The Klezmatics: On Holy Ground
The entertaining and revealing story of the Klezmatics
Yiddish teacher Pesach Fiszman explains in his brief appearance in the documentary “The Klezmatics: On Holy Ground’’ that “for a language to live, it must be spoken.’’
The Klezmatics, a band that formed on the Lower East Side of Manhattan in 1986 and still performs around the world, preserves Yiddish with its original music rooted deep in Eastern European Jewish cultural tradition. The band doesn’t imitate classic Yiddish music; it creates its own authentic sound that blends traditional klezmer - the celebratory sound of weddings and bar mitzvahs - with soul, gospel, rock ’n’ roll, and jazz. The infectious result owes much to the band members’ musical gifts and feisty personalities, which make the film’s talking-head segments entertaining and revealing.
Director Eric Greenberg Anjou (“A Cantor’s Tale’’) followed the Klezmatics for more than three years on the road and in the recording studio, recording their professional and personal lives. His film features lively and illuminating interviews with cultural historians, Yiddish scholars, and musicians such as Nora Guthrie, Woody Guthrie’s daughter, who worked with the Klezmatics on their 2006 Grammy-winning CD, “Wonder Wheel: Lyrics by Woody Guthrie.’’ Like the music of the Klezmatics, these interviews are down to earth and engaging, not pretentious or academic. The band members, who hail from diverse backgrounds, offer insight into the personal and financial sacrifices that even successful musicians are forced to make. The heroic artist cliches are transcended by the personalities: Violinist and vocalist Lisa Gutkin, the band’s sole woman, holds her ground with opinionated trumpeter and keyboardist Frank London, one of the band’s founding members with lead singer, accordion player, and resident Yiddish expert Lorin Sklamberg.
As one of the bandmates notes, the group is a “family that’s functional in its dysfunction.’’ While sitting around a table eating bagels or riding the tour bus, they hash out everything from scheduling conflicts to who gets what solo. These exchanges do more than capture the cliche of the rigors of the road or the dynamics of a band; the communal debates echo the kibitzing of the shetl, the street corner, and the union hall.
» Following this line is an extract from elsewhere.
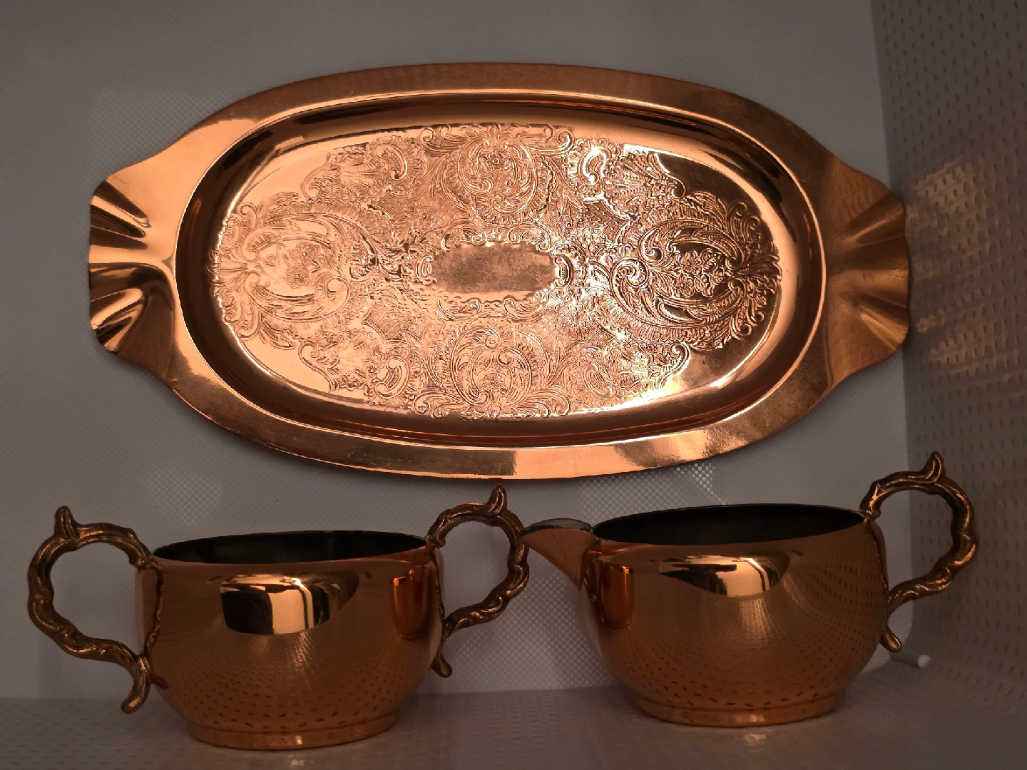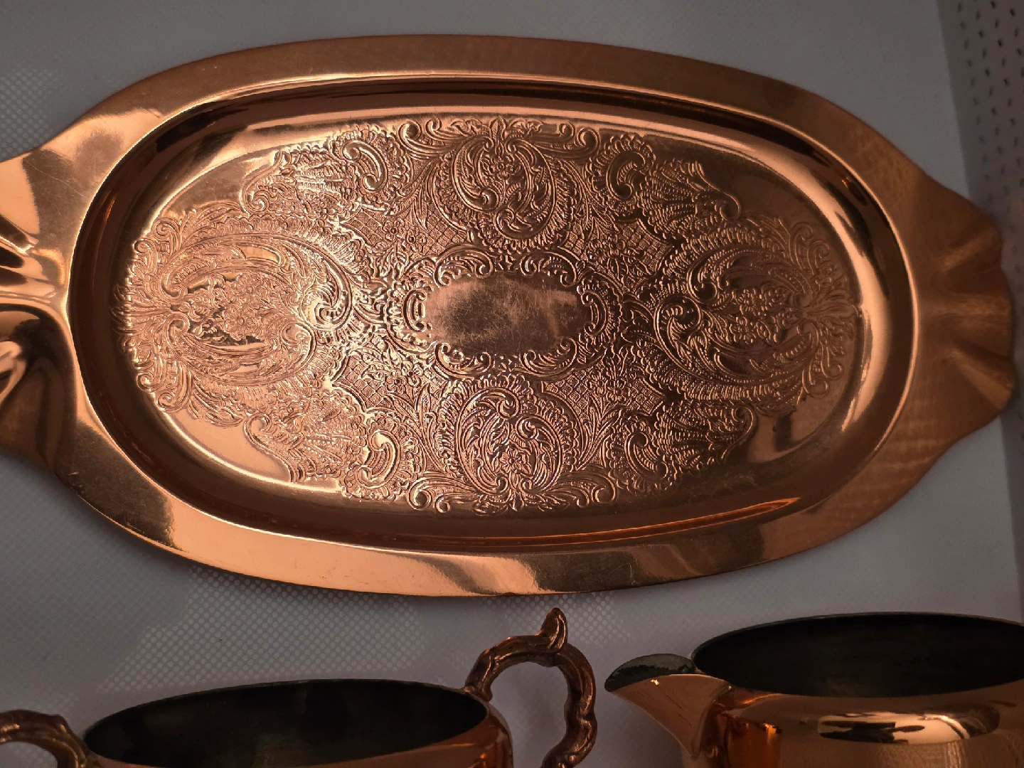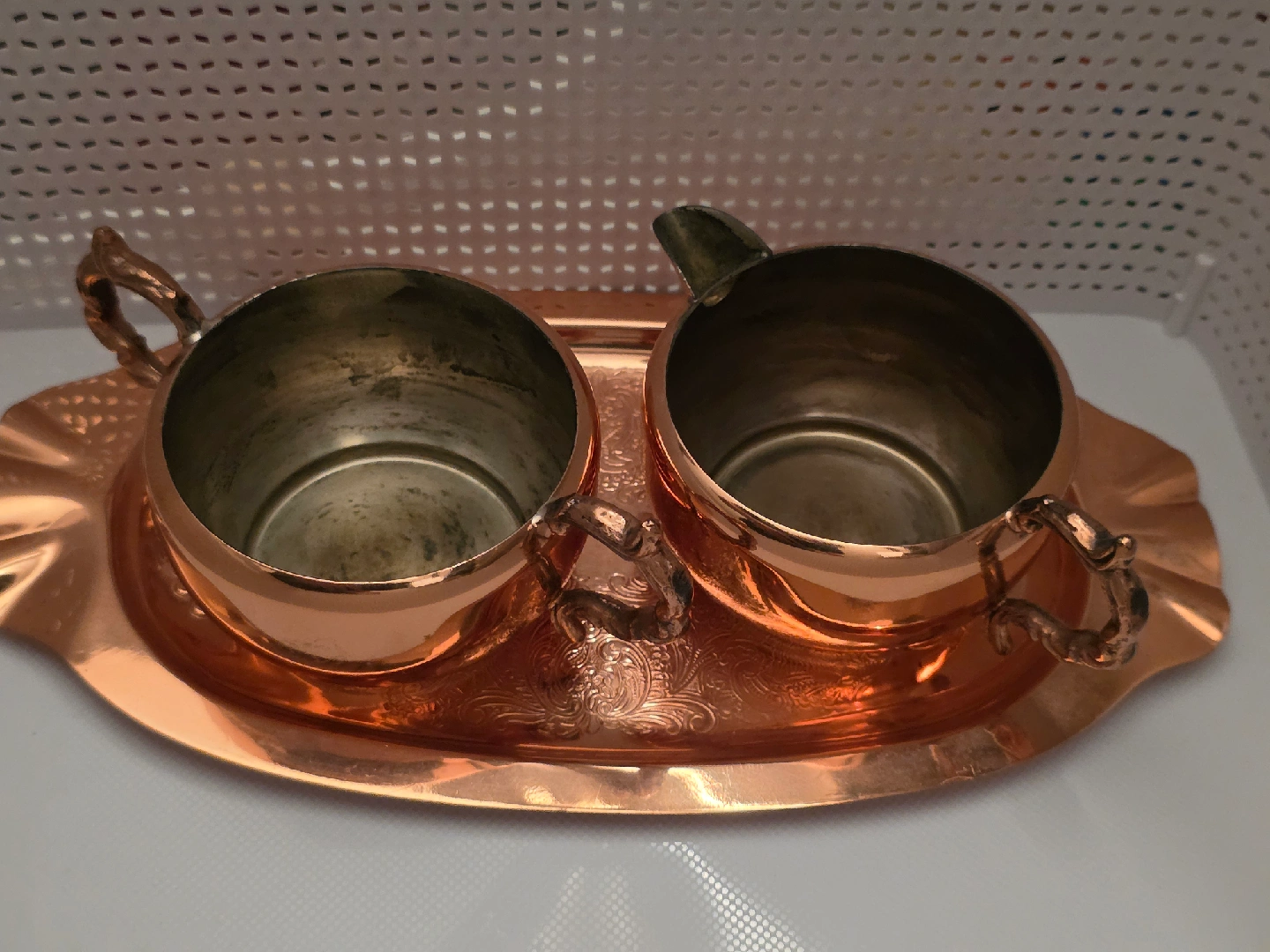 25Vintage EP Copper tray with sugar and creamer set. The tray has an ornate design. Perfect for adding a touch of vintage charm to your home!

Interviews and archival footage are interspersed with concerts and jam sessions, most notably for “Wonder Wheel,’’ the band’s first English-language CD. The film captures the group’s Grammy-winning high, quickly followed by the low that happens when their record label suddenly goes belly up and they break with their manager.
It’s a familiar tale of the perils of the music industry. But the film ultimately resonates as a story of how dedicated artists survive.
All the struggles evaporate once the band hits the stage at a vast outdoor arena in Krakow or before a sell-out crowd at Walt Disney Hall in Los Angeles. As the horns, violin, and accordion cook and the infectious songs send the crowd into foot-stomping, hand-clapping fervor, the Klezmatics are not just the premier klezmer group in the world, they’re simply a great band.